Orange Crap

Orange Crap
Orange Crap. Made of orange jello, carrots, and pineapple, this holds the reigning title as my favorite Thanksgiving side dishes. Dessert disguised as something healthy (after all, there are carrots), cuddling between the stuffing and the turkey. My taste buds sing on contact.

The carrots are shredded, a task I rarely remember my mom doing each year as the dish magically appeared chilling in the refrigerator the night before the grand meal. But I do remember one year, a very long time ago, sitting in my grandmother’s kitchen, holding the grater with my very small hands.

It’s a distant dream, one that isn’t quite mine. It only comes back as my now-larger hands grasp the grater and the carrot. I am now the creator of the magic. I pause over the ceremonial vegetable massacre and I smell her cigarettes. I feel loved. I feel connected.

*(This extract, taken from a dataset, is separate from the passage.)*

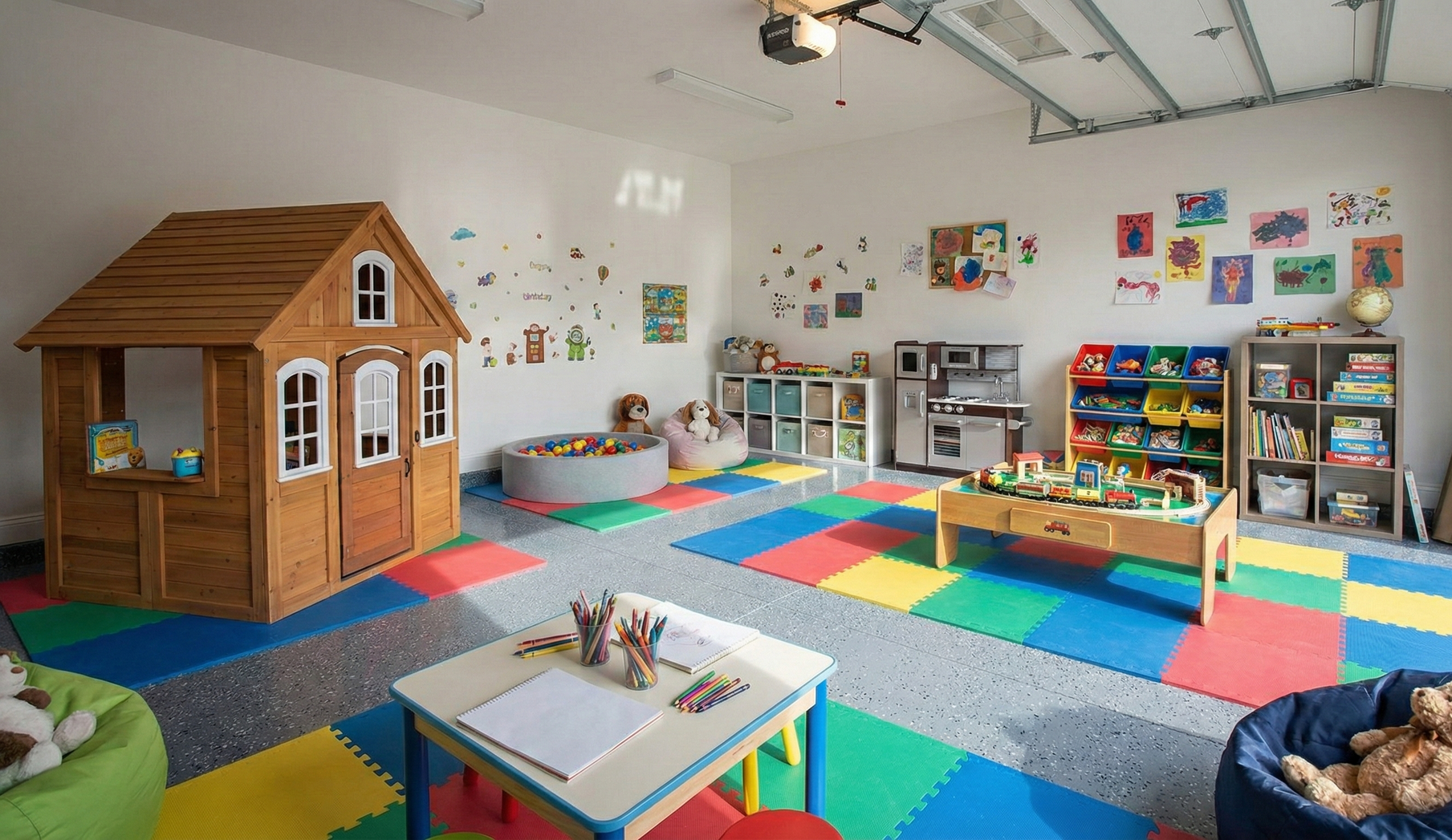 Turn your garage into a bright, welcoming play area where kids can learn, create, and have fun every day. Our epoxy flooring provides a smooth, dust-free, and easy-to-clean surface that helps keep toys, art supplies, and activity zones organized and hygienic. For families in Port Orchard and nearby communities, this transformation creates a flexible space that grows with your children—from playtime to homework to hobbies. With durable, stain-resistant protection and a polished look, your playroom stays inviting, safe, and ready for whatever the day brings.

It was later in life that Mom revealed the secret – this was the recipe of her own grandmother: a woman called Julie who I barely even met in stories. Julie, called Duddie by her friends and Mom by her kids, was my grandfather’s mother. She lived just the next town over from my mom growing up and hosted marvelous Thanksgivings (at least that’s how they are remembered in my imagination) until her husband died when my mom was nine. Mom says that on her table, every Thanksgiving, was this jello dish. Around my childhood table it’s called “orange crap,” but it also now goes by the name “Julie’s Jello” whenever we bring the dish to a church potluck.

This year was my first Thanksgiving away from home. I went about my morning as usual, Skyping my brother as he prepared his first turkey in his first home. My sister-in-law decorated beautifully and apparently made more vegetables than was possible to eat. My mom brought the orange crap, out of tradition more than anything. After all, we agreed together, it’s not Thanksgiving without the orange crap. I went to language school and even learned the word for turkey (“pabo”). Later that night, I watched the Macy’s Thanksgiving Day Parade on my sister’s television, thanks to Skype. It’s another tradition that is more personal than familial. It’s one I hope to pass down to my children, thanks to technology, no matter where we are in the world.

Tomorrow, on Saturday, my husband and I will join with team members for a Thanksgiving potluck celebration. The orange crap is chilling in the refrigerator, preparing to make the taxi ride. As a part of my now global family, I’ll let them in on the real name, a sheepish look on my face as I do so. It may not an enticing name, but it’s our tradition as much as the dish itself. And it’s one that I can carry on wherever I can find boxes of jello and carrots to shred.